PROBLEM DESCRIPTION -> Work through the listing below and give again exactly the lines from the one with "Het aantal atlasblokken" to the one with "Plakat Rohelise liblika", both ends included. All other lines and all pictures stay out.

DATA FOR THE TASK ->

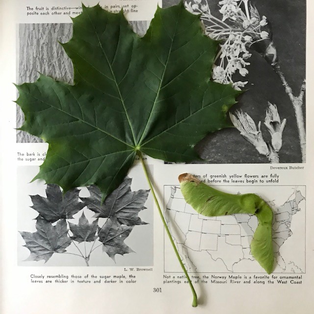Norway Maple’s winged pair of seeds, samaras, spread more horizontally when hanging, and the seed flat. The Sugar Maple’s samaras are downward-oriented when hanging, and the seed is round rather than flat.
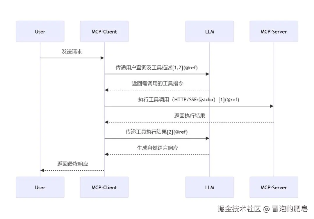 - 因为MCP是客户本地的服务,需要给本地服务传递调用指令,还需要的到MCP-SERVER的执行结果(一句话链路回合多了)。
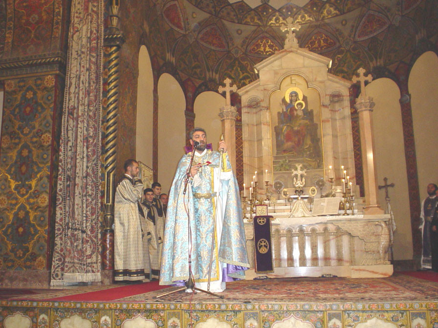 Very Rev. Fr. Arshak Khatchatrian, Chancellor of the Mother See, welcomed the pilgrims on behalf of the Pontiff of All Armenians, prior to His Grace's sermon. In his message to the faithful, His Grace said, "With this oath, we will transfer new breath and spirit to the well of our faith - the strength bestowed from God, Christianity. At this moment, we again hear within ourselves the eternal invitation: 'Come and build the Holy Altar of Light.' . . . We have been brought here by the patriotic and church-loving oaths we inherited from our forebears. Today, with renewed faith, each of us added to the oil in the Lamp of the Illuminator, which has been fermented with the tears of our saints. We were baptized once again with the light of the Enlightener, and in our souls we lit the redeeming flame."
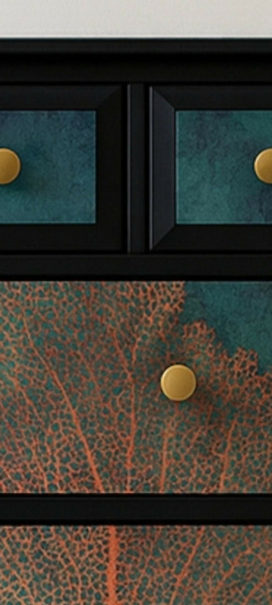 Painted Stag Chest of Drawers Black Teal and Pink Coral. Custom Commission
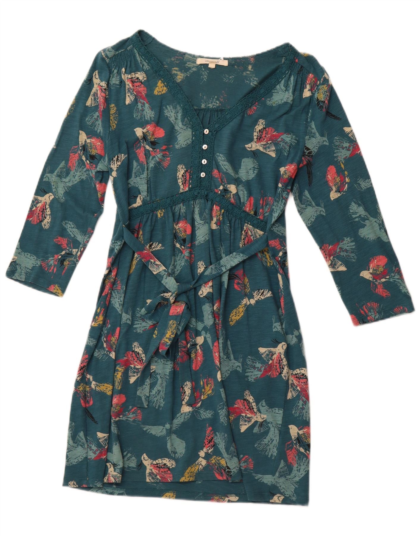 WHITE STUFF Womens Graphic 3/4 Sleeve Sheath Dress UK 12 Medium Green
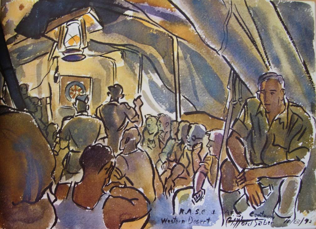 It had got dark by the time we sauntered into the crowded, dust-covered social MOB (mobilization center) tent of the 8th Army. The air was stale and heavy with smoke. An artist's storehouse is his memory. My mind was stocking up pictorial material as fast as a calculating machine. I severed myself from the personal conversation and just looked.
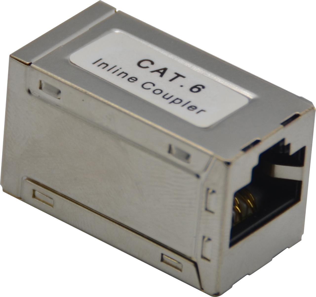 Helos Keystone CAT 6 Modularkupplung SLIM (RJ45 Verbinder geschirmt) RJ45 Bu./RJ45 Bu. , Belegung 1:1 , Adapter zum Verbinden von zwei Patchkabeln , Cat.6 , 250MHz Class E , Metallgehäuse , komplett geschirmt , vergoldete Kontakte , silber (307454)
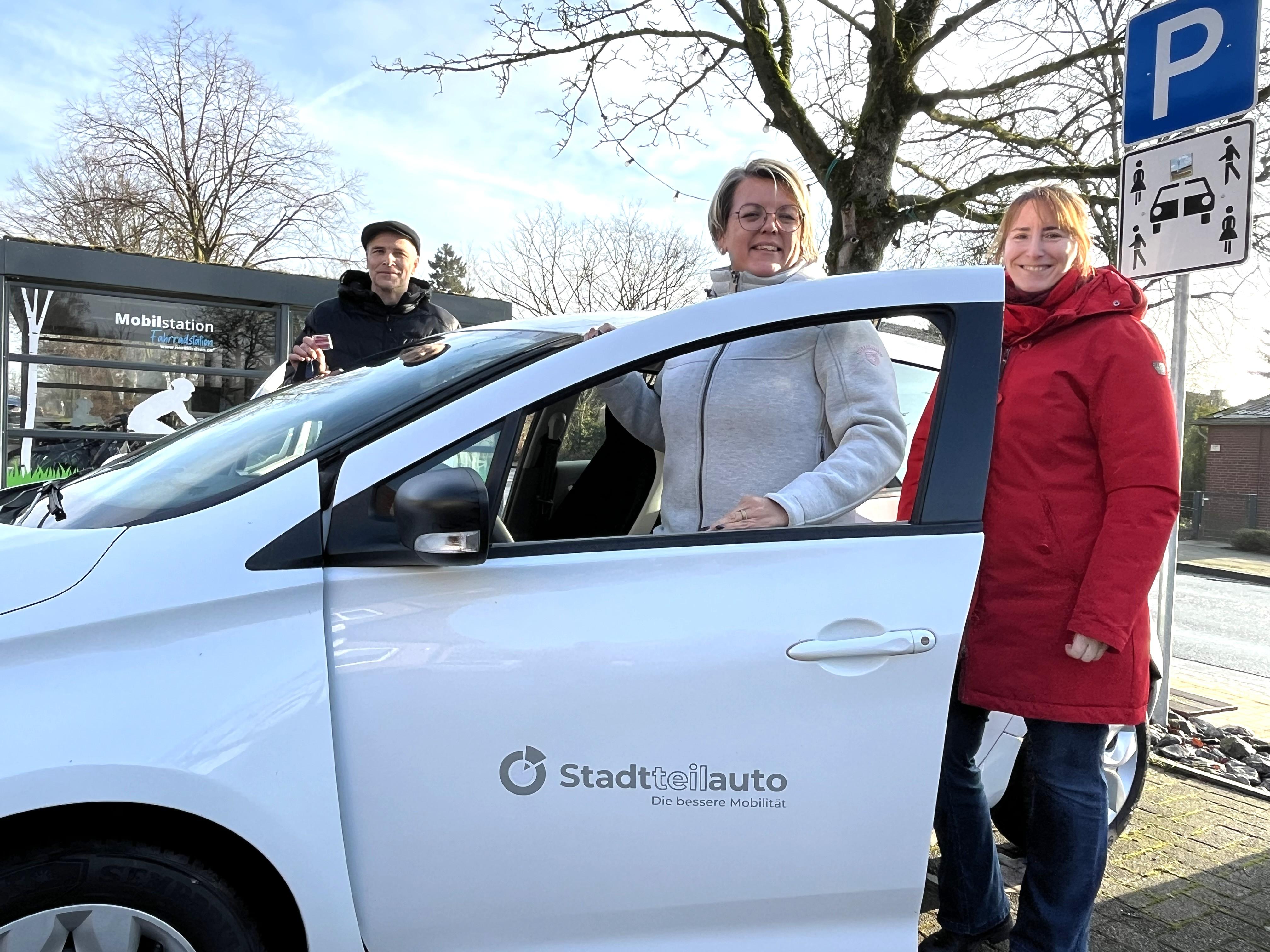 Für die Buchung und Nutzung der Carsharing-Fahrzeuge wird die Stadtteilauto-App für Apple oder Android benötigt, die im App-Store heruntergeladen werden kann. Im Handschuhfach befindet sich der Autoschlüssel oder eine Chipkarte, mit denen das Auto gestartet und ganz normal bei einem Zwischenstopp ab- und aufgeschlossen werden kann.
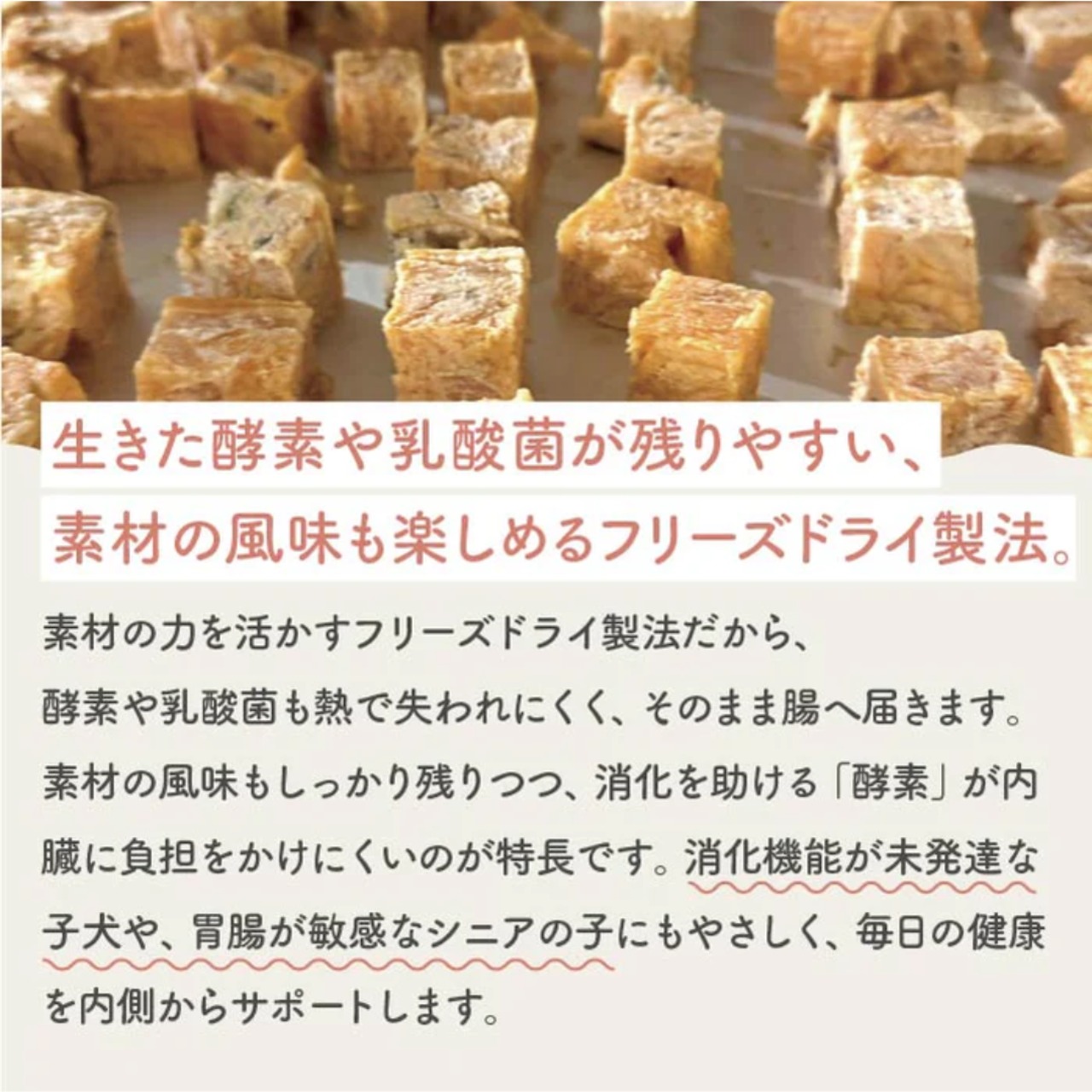 素材の力を活かすフリーズドライ製法だから、酵素や乳酸菌も熱で失われにくく、 そのまま腸へ届きます。肉本来の香りも際立ち、嗜好性を刺激する無添加のご馳走です。消化を助ける「酵素」が内臓に負担をかけにくいのが特長です。消化機能が未発達な子犬や、胃腸が敏感なシニアの子にもやさしく、毎日の健康を内側からサポートします。
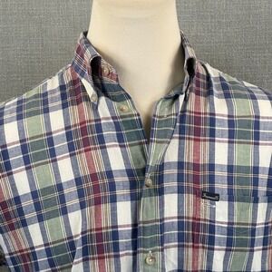 Faconnable Mens Medium Madras Plaid Short Sleeve Button Down Shirt 100% Cotton
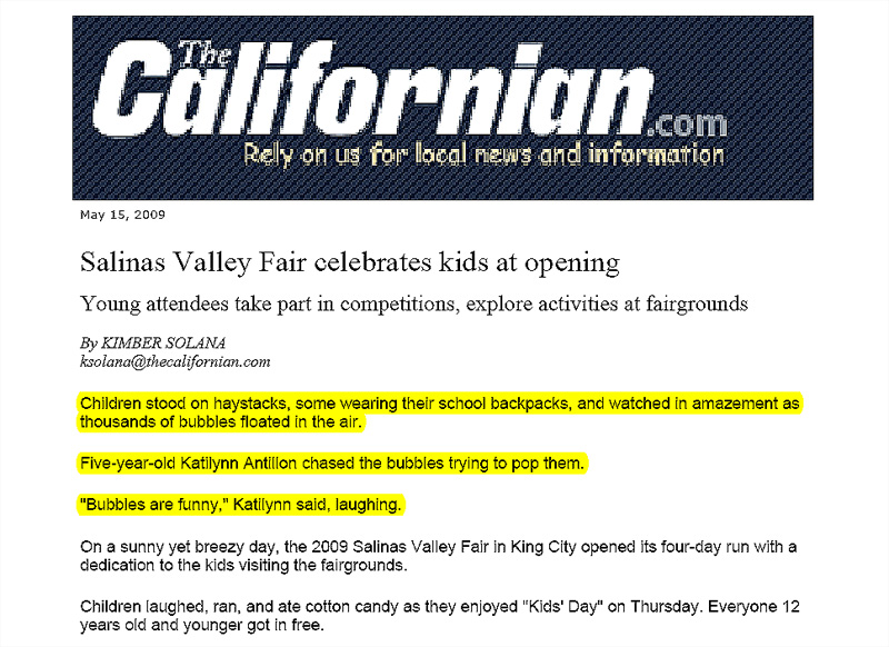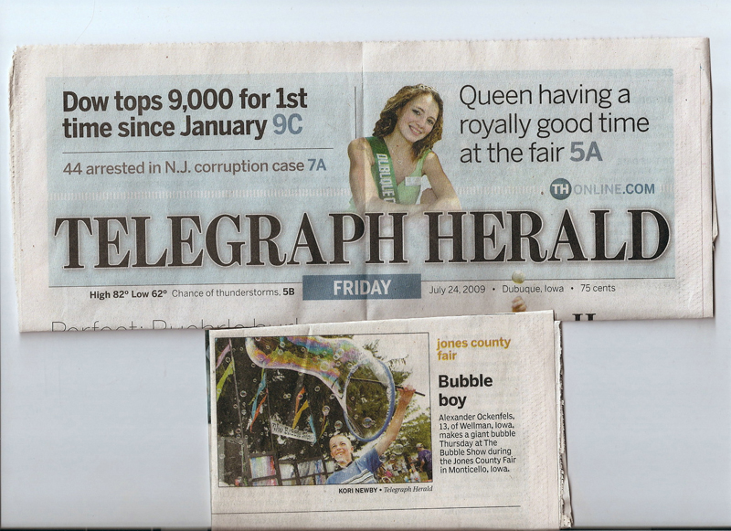 Newspapers love kids and bubbles! We have appeared in the media at every fair we’ve performed so far. Samples are included below.
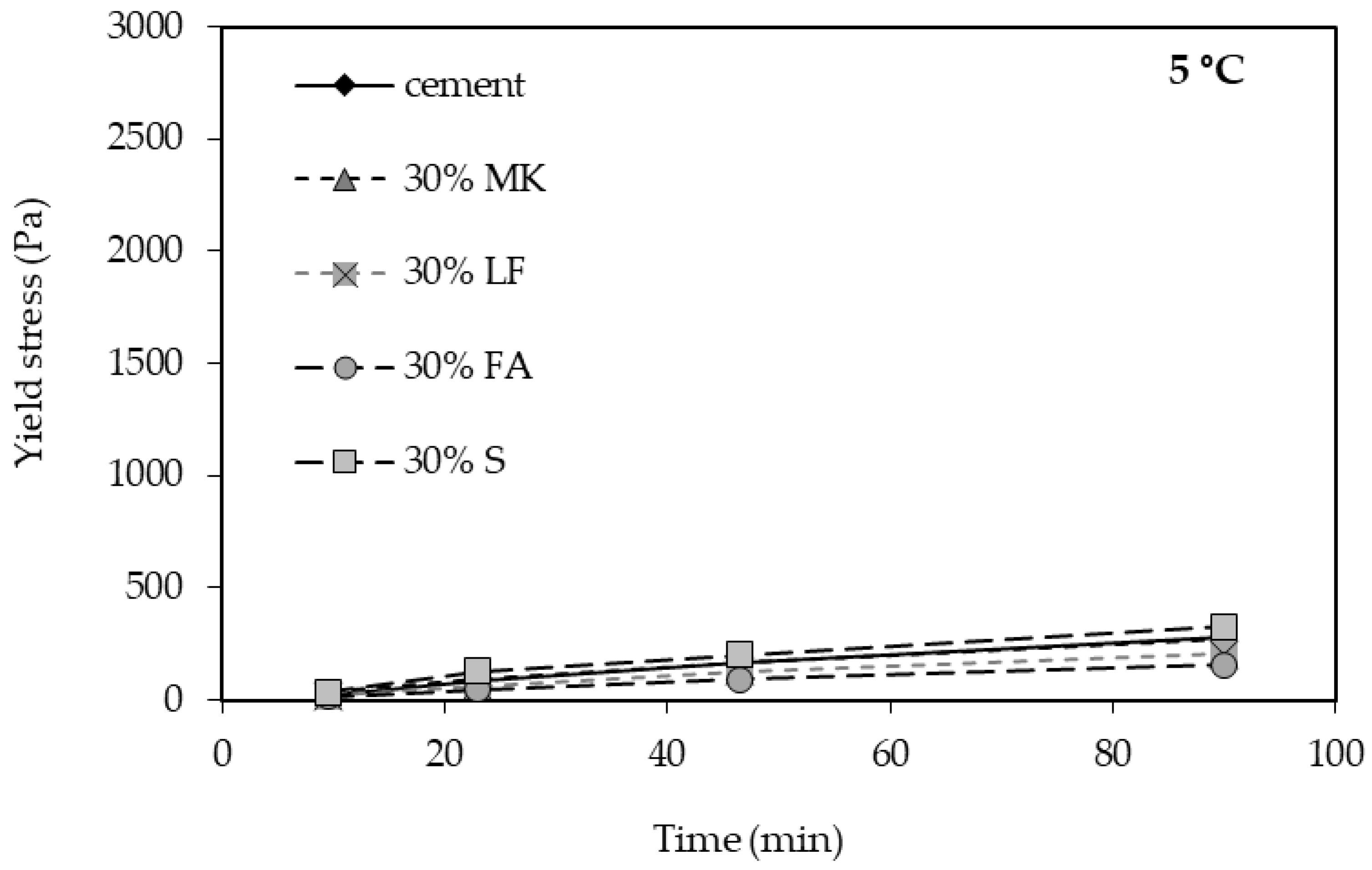 12], confirming that SCMs affect the early rheological response primarily through physical and colloidal mechanisms, which set the initial conditions for subsequent structural build-up. In addition, according to Cai et al. [
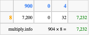 That's all there is to it! As you can see from the box above, the answer to 904 times 8 using the box method is 7,232.
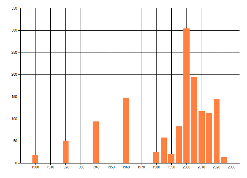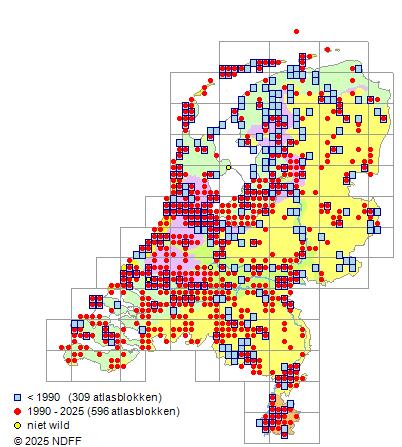 Het aantal atlasblokken (5x5 km) waarin de soort is gemeld binnen een periode van vijf jaar (vanaf 1980) of twintig jaar. Niet gecorrigeerd voor waarnemersinspanning en het aantal doorgegeven waarnemingen kan sterk variëren per periode, dus een trend in verspreiding kan hier niet direct uit worden afgelezen. Het opgegeven jaartal is het eerste jaar van de periode. Bron: gevalideerde waarnemingen uit de NDFF.
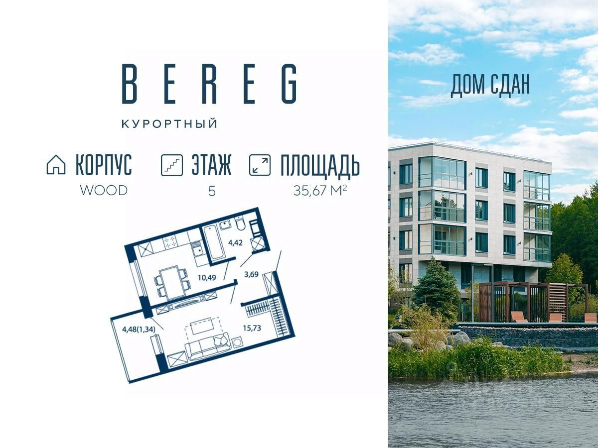 Апартамент 596 площадью 35,67 кв.м. в корпусе Wood с видом на улицу
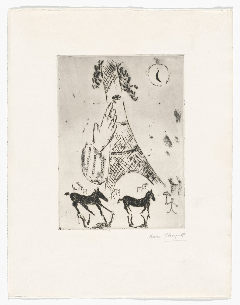 Eiffel Tower, from VVV Portfolio (1942, published 1943) by Marc Chagall. Museum of Modern Art, New York. © 2026 Artists Rights Society (ARS), New York/ADAGP, Paris
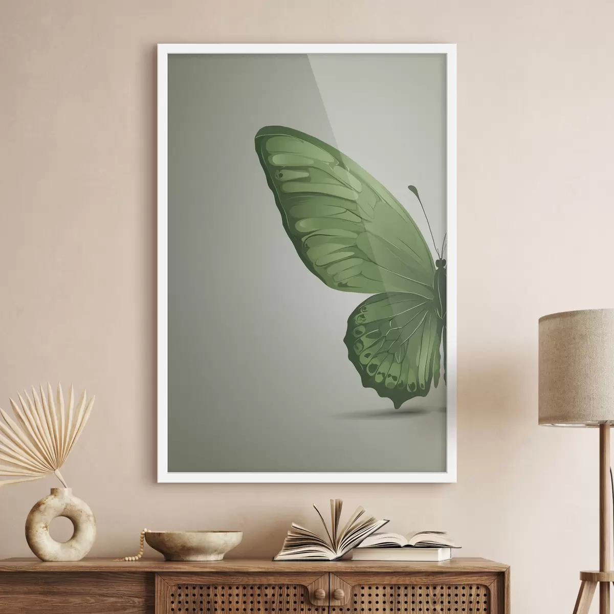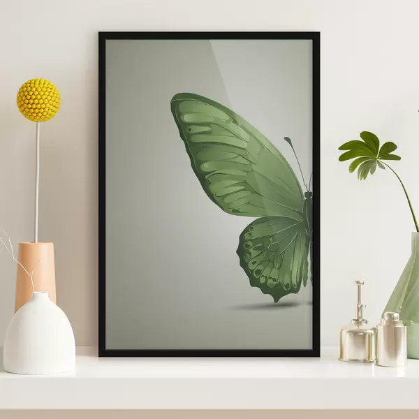 Plakat Rohelise liblika vasak tiib valgel taustal f40062
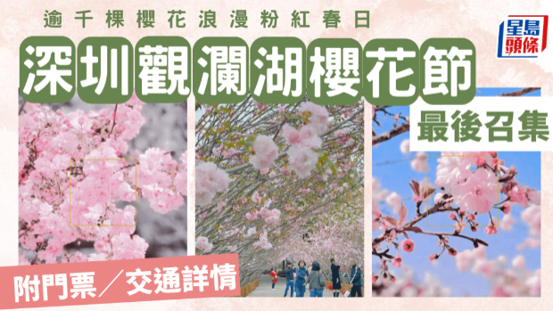 深圳观澜湖樱花节最后召集! 踏入三月,除了香港多个赏樱好去处,北上深圳都可以欣赏到大片粉色樱花海,说的是深圳观澜湖生态运动社举行的“第8届樱花节暨新春桃花展”,由即日起至3月10日,入场可以看到超过1,000棵樱花树、桃花树及金鱼草花海等,即看深圳观澜湖樱花节交通及门票详情!
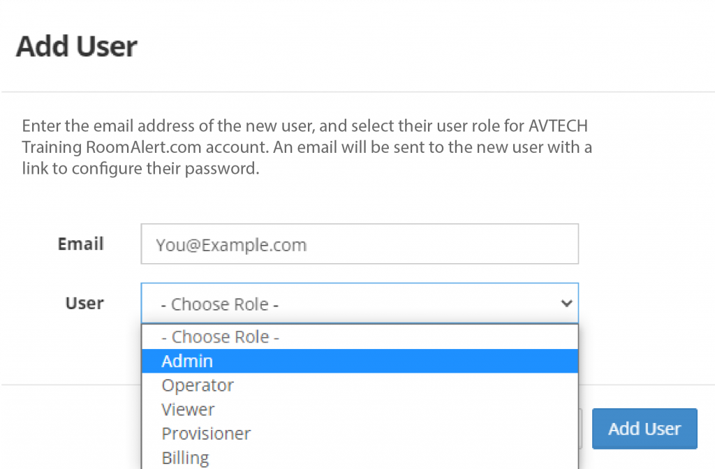There are five types of user roles: Administrator, Provisioner, Operator, Viewer and a Billing role. An Administrator has full access to all features and settings within Room Alert Account. Administrators can manage other registered users by granting/revoking their access to the account, as well as changing their user role on the account. An Administrator cannot change their own role; they can only be demoted by a different admin on the account.
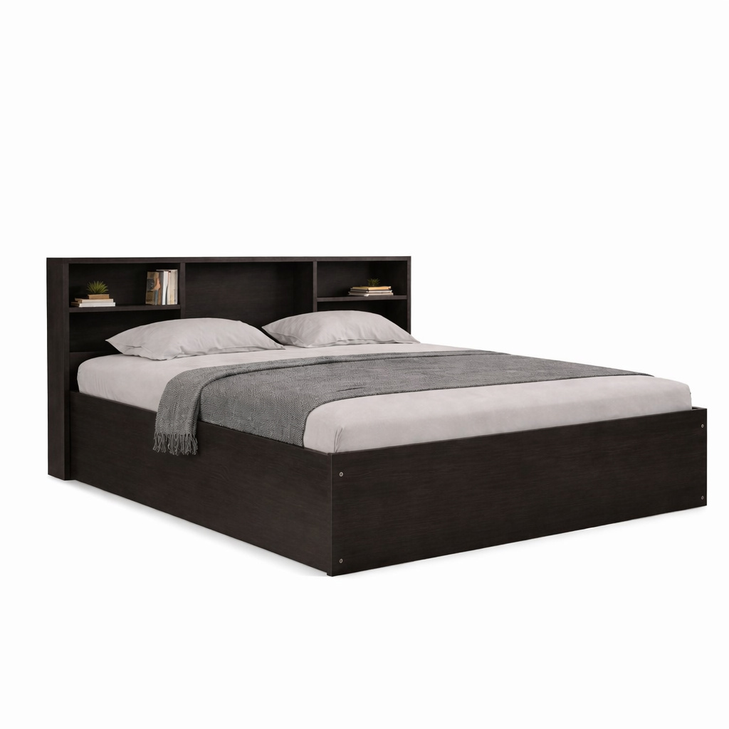 ₹26999 40% OFFThis modern wooden bed showcases a clean, minimalist silhouette enhanced by a functional bookshelf-style headboard. The integrated open shelves provide convenient space for books, décor accents, or bedtime essentials, making the design both practical and visually balanced. Its straight-lined frame and dark wood finish create a contemporary look that fits seamlessly into modern, urban, and compact bedroom interiors.

EXPECTED OUTPUT ->
 Het aantal atlasblokken (5x5 km) waarin de soort is gemeld binnen een periode van vijf jaar (vanaf 1980) of twintig jaar. Niet gecorrigeerd voor waarnemersinspanning en het aantal doorgegeven waarnemingen kan sterk variëren per periode, dus een trend in verspreiding kan hier niet direct uit worden afgelezen. Het opgegeven jaartal is het eerste jaar van de periode. Bron: gevalideerde waarnemingen uit de NDFF.
 Апартамент 596 площадью 35,67 кв.м. в корпусе Wood с видом на улицу
 Eiffel Tower, from VVV Portfolio (1942, published 1943) by Marc Chagall. Museum of Modern Art, New York. © 2026 Artists Rights Society (ARS), New York/ADAGP, Paris
 Plakat Rohelise liblika vasak tiib valgel taustal f40062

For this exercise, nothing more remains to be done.